Les chercheurs proposent LDT-Coord, un cadre de coordination en réseau pour des équipes d'agents incarnés alimentés par des modèles de langage larges (LLM) hétérogènes. Le système utilise un serveur de jumeau numérique léger pour découpler la coordination du raisonnement en langage naturel, adressant ainsi les coûts de communication élevés et les délais d'action inhérents aux méthodes de dialogue multi-tours existantes.
- Les agents rapportent leurs actions intentionnées et des contraintes temporelles structurées au serveur DT au lieu de s'engager dans une négociation itérative.

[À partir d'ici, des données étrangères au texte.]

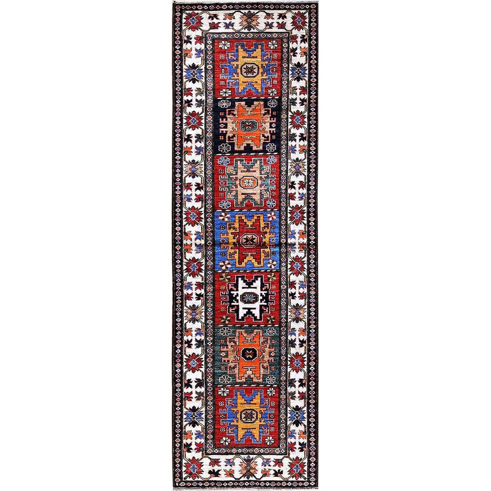 2'8"X9'2" Colorful Caucasian Design Revival Hand Knotted Wool Runner Rug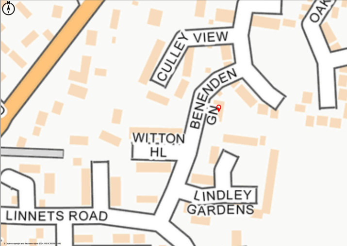 From the centre of the town, proceed down West Street and, at the bottom of the hill, turn left into Jacklyns Lane. Go under the railway bridge, up the hill and down the other side and turn left into Linnets Road. Drive up the hill and, at the top, turn left into Benenden Green where No.6 will be found on the right hand side before you reach the green.

- Un orchestrateur basé sur des règles, sans entraînement, résout les conflits inter-agents concernant les ressources partagées.
- Le contrôle du rapport des agents est formulé comme un processus décisionnel markovien partiellement observable avec contraintes (C-POMDP) et résolu à l'aide de l'algorithme PPO-Lagrangian.
- Les résultats de simulation montrent des taux de réussite aux tâches comparables aux méthodes conventionnelles tout en réduisant la surcharge de communication de plus de 70 fois.
Le cadre maintient sa robustesse face à l'hétérogénéité des LLM, offrant un mécanisme de coordination fiable pour les déploiements d'IA physique dans des environnements avec des ressources réseau limitées.